Cooling Models for the Most Massive White Dwarfs

TL;DR

This paper develops models for ultramassive white dwarfs above 1.3 solar masses, highlighting neutrino cooling effects and core composition stability, with implications for recent observations.

Contribution

It introduces parameterized models for ultramassive white dwarfs considering different formation channels and emphasizes neutrino cooling and core composition stability.

Findings

Neutrino cooling dominates the early cooling phase for ultramassive white dwarfs.

The ultramassive white dwarf ZTF J190132.9+145808.7 likely experienced Urca process cooling.

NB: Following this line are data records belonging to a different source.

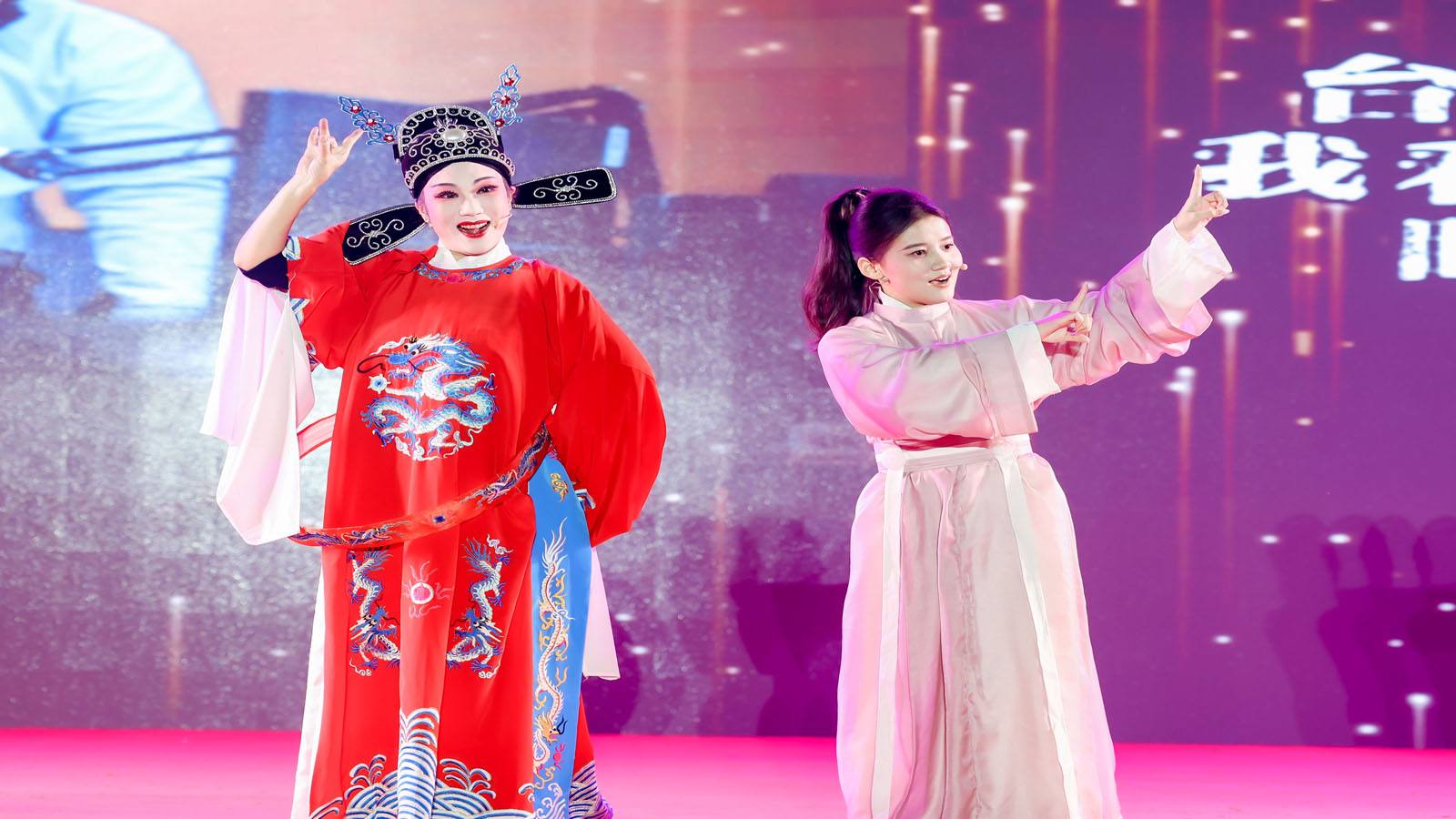 After a sweet song of ‘Welcome to AXHU Campus’ caroled the crowd, came the Anhui Huangmei opera ‘Nv-Fu-Ma,’ performed by faculty members: School of Culture and Communication XING Yu and the School of Big Data and Artificial Intelligence ZHANG Yaqi, feasting a profound glamour to the audiences to be adorned with kind of music experience exceptionally throughout their beautiful tunes and melodious flavors, appealing of all time.
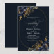 Navy Blue Flowers Gold Leaves Frame Wedding Invitation
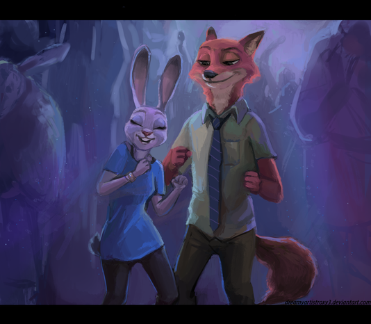 With the debut of the teaser trailer for Disney's upcoming animated film "Zootopia", there has been a plethora of fan art for the characters of fox Nick Wilde and rabbit Judy Hopps. This is one of the best I've seen so far! The poses are very dynamic and fluid, and the brushes and colors used for Nick and Judy are just beautiful. The subtle shading and lighting give them depth and a 3-dimensional quality instead of just being "wooden" and flat, which is a lot more appealing. The expressions perfectly match the character's personalities(or at least what we've seen of them), with Nick's sly smile and Judy's grumpy pout. This is just such an awesome piece of art that makes me look forward to the film with anticipation!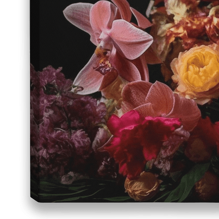 Een weelderige en uitbundig arrangement van orchideeën en wilde bloesems: bloemen zijn in art-nouveaustijl; ze stralen levendigheid en schoonheid uit. De bloemen zijn voornamelijk in gouden, okergele, karmijnrode, violette en gedempte roze tinten.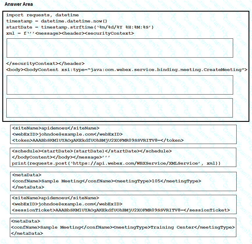 A small Python script is constructed that creates a Webex Meeting for John Doe scheduled for the current time. Drag and drop the code snippets at the bottom onto the areas of the source code exhibit to create a program. Not all options are used.

Core compositions are unlikely to be significantly altered before crystallization.

Abstract

We present a set of ultramassive white dwarf models, focused on masses above $1.3\,M_\odot$. Given the uncertainties about the formation and compositions of such objects, we construct parameterized model sequences, guided by evolutionary calculations including both single star and double white dwarf merger formation channels. We demonstrate that the cooling of objects with central densities in excess of $10^9\,\rm g\,cm^{-3}$ is dominated by neutrino cooling via the Urca process in the first $\approx 100$ Myr after formation. Our models indicate that the recently discovered ultramassive white dwarf ZTF J190132.9+145808.7 is likely to have experienced this Urca-dominated cooling regime. We also show that the high densities imply that diffusion is unlikely to significantly alter the core compositions of these objects before they crystallize.